Copy out again, unchanged, the listing below from the line that has "About this item" through the line that has "pletykákat a Trust".

**SUPPLIED INFORMATION:**
____
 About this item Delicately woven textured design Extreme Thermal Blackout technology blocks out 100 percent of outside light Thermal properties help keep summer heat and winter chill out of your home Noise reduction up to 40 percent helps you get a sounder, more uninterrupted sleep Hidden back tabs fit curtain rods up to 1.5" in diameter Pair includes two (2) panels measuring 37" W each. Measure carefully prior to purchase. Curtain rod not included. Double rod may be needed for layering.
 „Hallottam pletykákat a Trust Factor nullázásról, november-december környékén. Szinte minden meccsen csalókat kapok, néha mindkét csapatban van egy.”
____
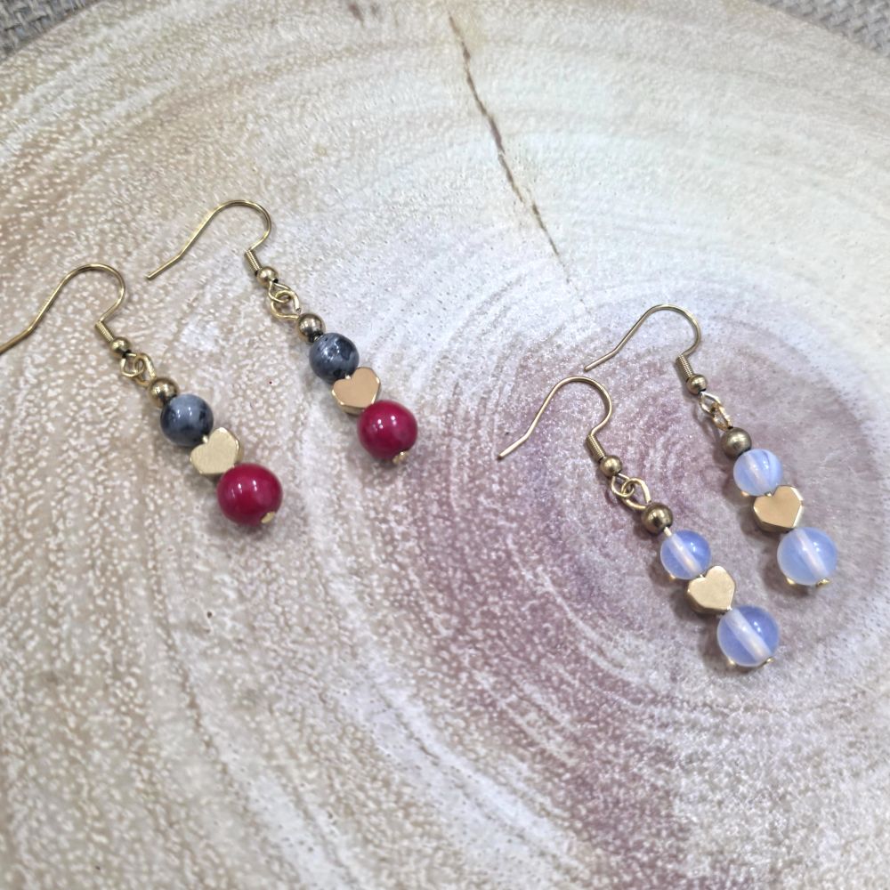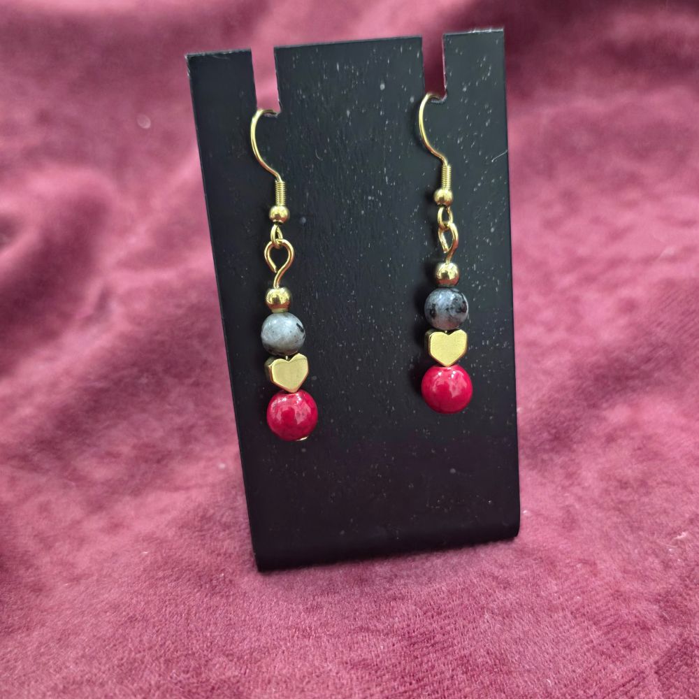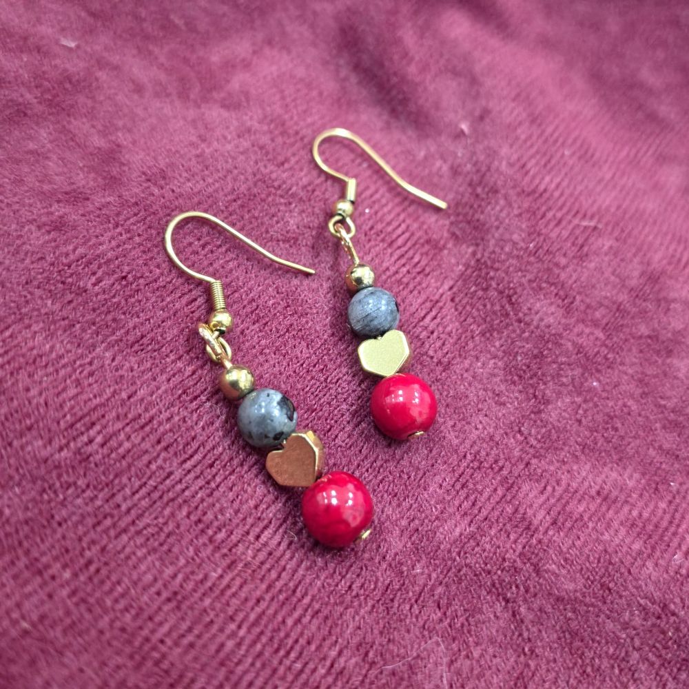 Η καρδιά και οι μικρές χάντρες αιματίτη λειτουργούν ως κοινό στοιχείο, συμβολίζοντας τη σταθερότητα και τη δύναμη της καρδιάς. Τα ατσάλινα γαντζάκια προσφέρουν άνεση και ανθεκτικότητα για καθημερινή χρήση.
____
**WRITTEN SOLUTION:**
 About this item Delicately woven textured design Extreme Thermal Blackout technology blocks out 100 percent of outside light Thermal properties help keep summer heat and winter chill out of your home Noise reduction up to 40 percent helps you get a sounder, more uninterrupted sleep Hidden back tabs fit curtain rods up to 1.5" in diameter Pair includes two (2) panels measuring 37" W each. Measure carefully prior to purchase. Curtain rod not included. Double rod may be needed for layering.
 „Hallottam pletykákat a Trust Factor nullázásról, november-december környékén. Szinte minden meccsen csalókat kapok, néha mindkét csapatban van egy.”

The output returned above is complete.